Job Description
Job Overview:
We are seeking a highly skilled Senior Python & PySpark Developer to join our team. The ideal candidate will have extensive experience with Python development, PySpark, and working with large datasets in distributed computing environments. You will be responsible for designing, implementing, and optimizing data pipelines, ensuring seamless data processing, and contributing to our overall data architecture.
Key Responsibilities:
- Develop, maintain, and optimize scalable data processing pipelines using Python and PySpark.
- Collaborate with cross-functional teams to understand business requirements and translate them into technical specifications.
- Work with large datasets to perform data wrangling, cleansing, and analysis.
- Implement best practices for efficient distributed computing and data processing.
- Optimize existing data pipelines for performance and scalability.
- Conduct code reviews, mentor junior developers, and contribute to team knowledge sharing.
- Develop and maintain technical documentation.
- Troubleshoot, debug, and resolve issues related to data processing.

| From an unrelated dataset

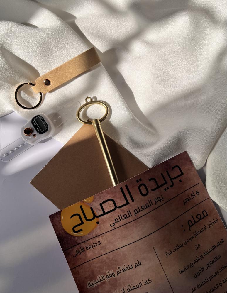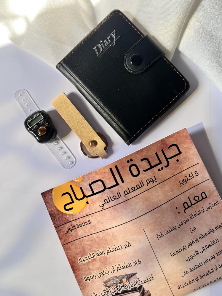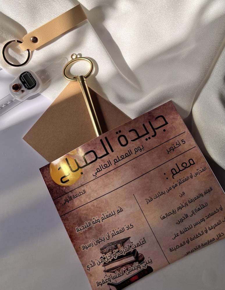 تحتوي الهدية على ثيم جريدة الصباح ليوم المعلم يمكنك اختيار التوزيعه يمكنك اضافه الاسم العدد:1* اللون عشوائي
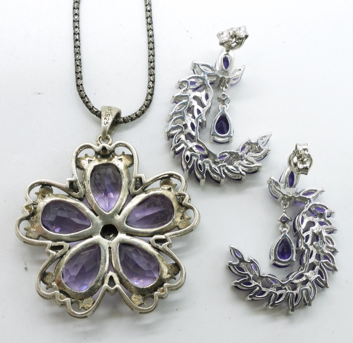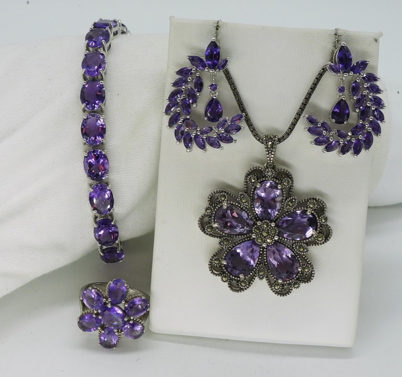 Sterling silver with amethyst gemstones and marcasite. Necklace is 18″. Pendant is 2″. Bracelet 7.5″. Ring size 8. Pierced earrings, 1″. (31.5 dwt)

- Collaborate with data engineers, data scientists, and analysts to deliver high-quality solutions.
Requirements
- Bachelor's or Master’s degree in Computer Science, Data Engineering, or related field.
- 5+ years of experience in Python programming.
- 3+ years of hands-on experience with PySpark and distributed data processing frameworks.
- Strong understanding of big data ecosystems (Hadoop, Spark, Hive).
- Experience working with cloud platforms like AWS, GCP, or Azure.
- Proficient with SQL and relational databases.
- Familiarity with ETL processes and data pipelines.
- Strong problem-solving skills with the ability to troubleshoot and optimize code.
- Excellent communication skills and the ability to work in a team-oriented environment.
Preferred Qualifications:
- Experience with Apache Kafka or other real-time data streaming technologies.
- Familiarity with machine learning frameworks (TensorFlow, Scikit-learn).
- Experience with Docker, Kubernetes, or other containerization technologies.
- Knowledge of DevOps tools (CI/CD pipelines, Jenkins, Git, etc.).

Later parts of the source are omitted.